These excellent results indicate that there are no unusual delays due to problems with the memory or IFU and that the processor is completing most opcodes quickly. Since XFER opcode take 34 (local) to 54 (external) cycles/opcode excluding memory delays, speeding, respecifying, or reducing executions of XFER seem to be the most promising ways of improving performance.

For SmallTalk and Lisp instruction sets, performance is much worse than Mesa (averaging over 30 cycles/opcode on Smalltalk 76). Careful studies should be made to understand the reasons for this fully, but one reason is that the 16-bit word size is a serious limitation. Long storage pointers are used extensively, so execution would be substantially faster on a machine with, say, 32-bit data paths.
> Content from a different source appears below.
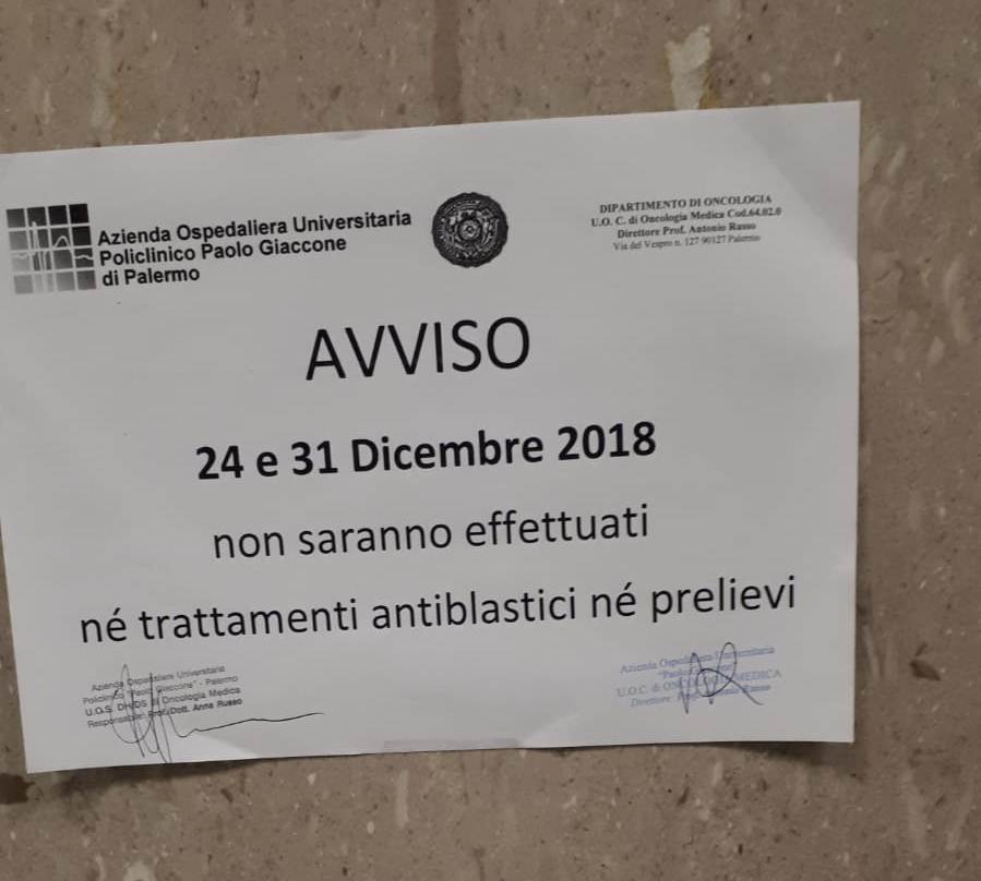 “Nel reparto di oncologia medica della clinica universitaria – dicono Gelarda e Ficarra – prima delle feste è comparso questo avviso: nei giorni 24 e 31 dicembre non saranno effettuati né trattamenti antiblastici, né prelievi. Praticamente significa – spiegano gli esponenti del Carroccio – lo stop alle terapie chemioterapiche sia per il ponte di Natale che per quello di Capodanno”.

For the Mesa compiler, 19.5% of all cycles were in IFU not-ready wait; 16% due to incorrectly predicted jumps, 2.5% to cache miss wait, and 1% to other causes. The 16% due to incorrectly predicted jumps might be improved.

The Mesa microcode presently predicts that all conditional jumps will not jump; it is desirable to predict not-jump unless more than 75% of executions jump due to the overhead of restarting the IFU an extra time. 40% of the time the prediction is wrong and a jump occurs, so it seems that the microcode is doing the best it can.

However, some loops ("while J ne 0 do," for example) are compiled as a normally-false conditional jump at the beginning of the loop and an unconditional jump from the end of the loop back to the beginning; a faster sequence is a normally-true conditional jump at the end of the loop, eliminating the unconditional jump altogether. The general objectives in changing the compiler would be as follows: (1) Eliminate unnecessary jumps and conditional jumps; (2) Make the jump/not-jump execution of conditional jumps be as predictable as possible; and (3) Make the not-jump path be the most likely, unless this conflicts with objective (1).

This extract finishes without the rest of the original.